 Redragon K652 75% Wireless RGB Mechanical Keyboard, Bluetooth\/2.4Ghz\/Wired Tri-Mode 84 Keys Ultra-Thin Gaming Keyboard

--

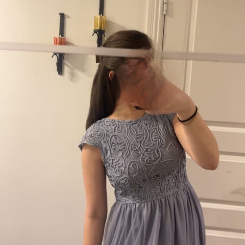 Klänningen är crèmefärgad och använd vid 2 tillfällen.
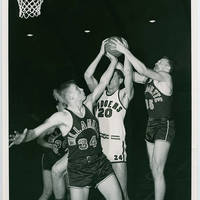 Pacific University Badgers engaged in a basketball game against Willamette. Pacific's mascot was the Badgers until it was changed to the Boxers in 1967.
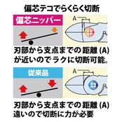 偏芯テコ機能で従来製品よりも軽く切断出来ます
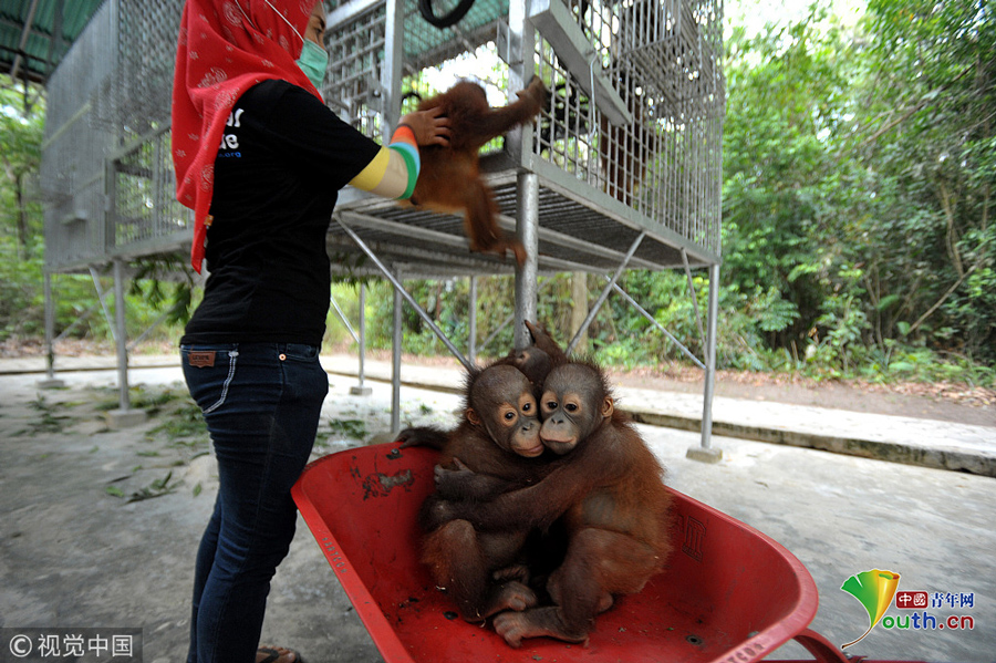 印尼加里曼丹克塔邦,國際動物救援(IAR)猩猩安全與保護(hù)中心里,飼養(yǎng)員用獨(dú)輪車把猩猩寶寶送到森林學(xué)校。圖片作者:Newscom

---

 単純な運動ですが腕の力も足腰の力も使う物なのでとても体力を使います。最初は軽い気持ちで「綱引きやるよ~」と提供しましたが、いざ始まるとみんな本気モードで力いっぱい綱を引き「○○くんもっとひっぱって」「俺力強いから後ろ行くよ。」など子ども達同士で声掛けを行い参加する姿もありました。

WHAT YOU NEED TO DO:
Above is the material; set down exactly its lines from the one containing "偏芯テコ機能で従来製品よりも軽く切断出来ます" down to the one containing "印尼加里曼丹克塔邦,國際動物", both included, leaving out any pictures.

WORKED SOLUTION:
 偏芯テコ機能で従来製品よりも軽く切断出来ます
 印尼加里曼丹克塔邦,國際動物救援(IAR)猩猩安全與保護(hù)中心里,飼養(yǎng)員用獨(dú)輪車把猩猩寶寶送到森林學(xué)校。圖片作者:Newscom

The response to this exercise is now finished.